It's crazy. Water has no sense of civil disobedience. If it wasn't for needing water to make beer, I'd say we should get rid of the stuff.



I hired a friend a few years ago to fix the problem. The garage flooded, just a little, every time it rained because the house was built with a downhill driveway leading to a basement garage with retaining walls on both sides.

That both sides, that's the problem. You can do this if you're building on a hillside, leaving a slope away from the garage on one or the other side. But water always obeys the law of gravity.

Always. I've checked this out, and it's true.



Ever hear of something that's a game of inches? Well, when you're aiming to have the slab in front of the garage be a few inches lower than the garage floor, and it ends up a few inches higher, you've lost the game. And when your friend can't afford to redo it out of his pocket and you can't afford to pay to have it done twice, well, you've probably lost the friendship.

I actually didn't quite lose the friendship. But it was badly sprained.

And now my garage is my rain gauge.
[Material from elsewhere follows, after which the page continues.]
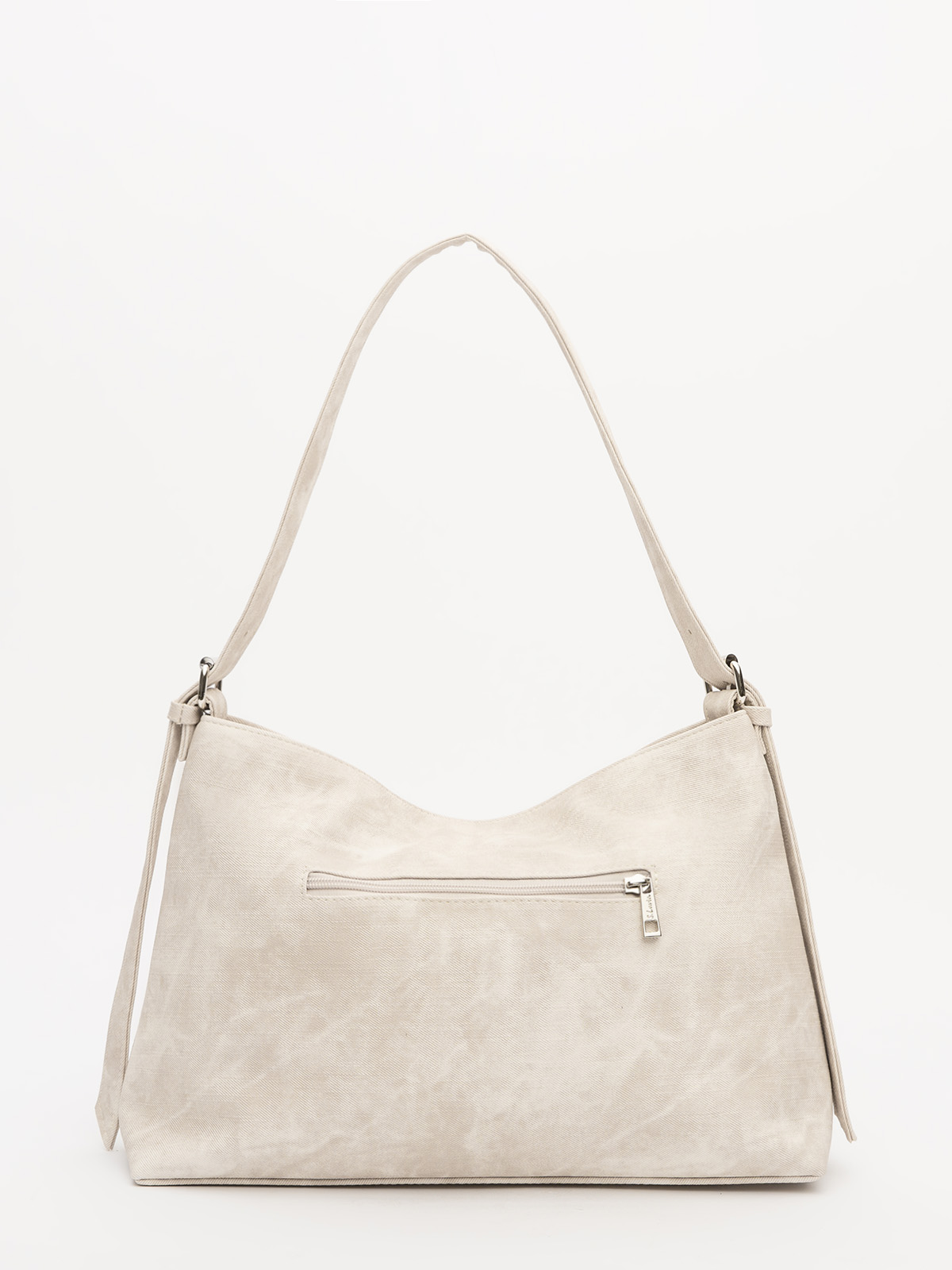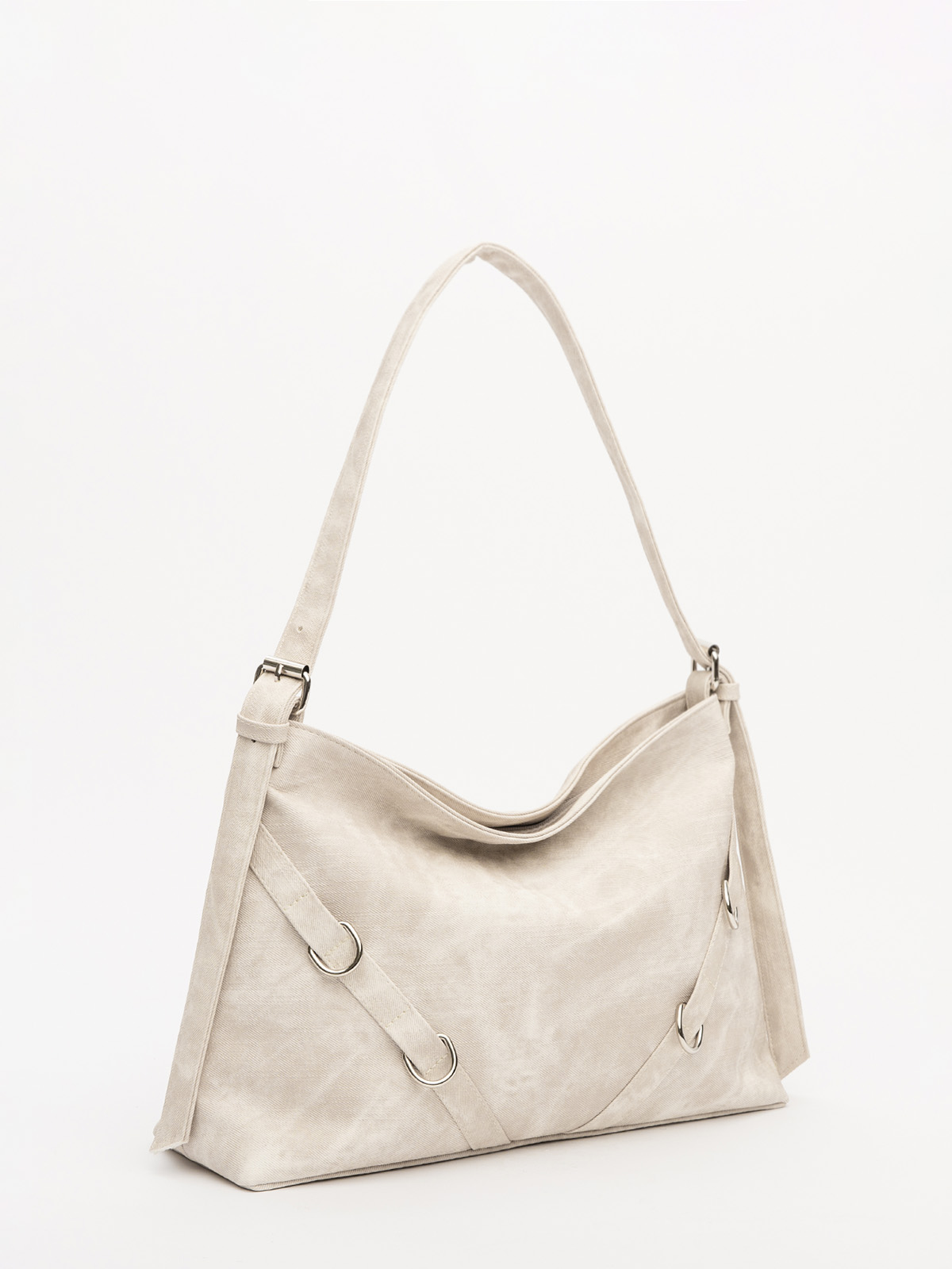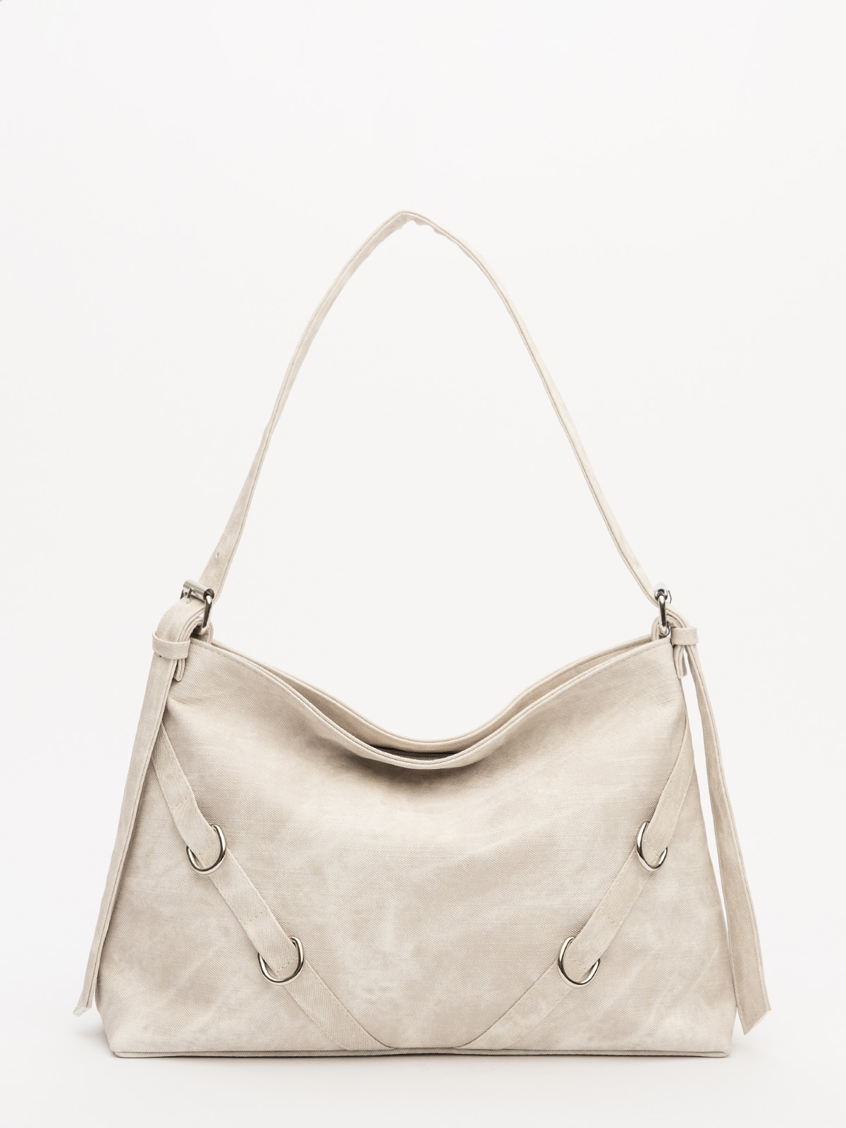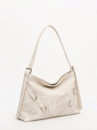 Элегантная форма хобо с декоративными ремнями и металлической фурнитурой представлена в нежном молочном оттенке. Сочетание винилискожи с отделкой под деним и эффектом тай-дай делает модель стильным акцентом в любом образе.

This is my rain gauge reading 3.1 inches.

Of course, if I didn't have the example of an entire town getting wiped off the map by a tornado to make me feel like bitching about a flooded garage is petty, my next door neighbor's rain gauge showed even higher. After my floor drain had caught up with the deluge, he still had a pretty deep pool in the driveway. Thing is with this row of houses, we all have the same problem: floor drains get clogged, pumps fail, power goes out when it's raining, and sooner or later you get this.
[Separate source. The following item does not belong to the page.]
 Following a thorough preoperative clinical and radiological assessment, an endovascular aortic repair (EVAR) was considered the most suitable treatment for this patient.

Been there. I feel his pain, because I know that the finished part of his basement is flooded at this point. That's how mine was a couple years ago.

Speaking of a couple years ago, I was in Greensburg a couple years back, and went down to the bottom of the world's largest hand-dug well. It was amazing, absolutely huge. 109 feet to the bottom and 39 feet in diameter, with hand cut stone masonry walls. If people could dig that well, maybe they have the stuff to rebuild after an F5.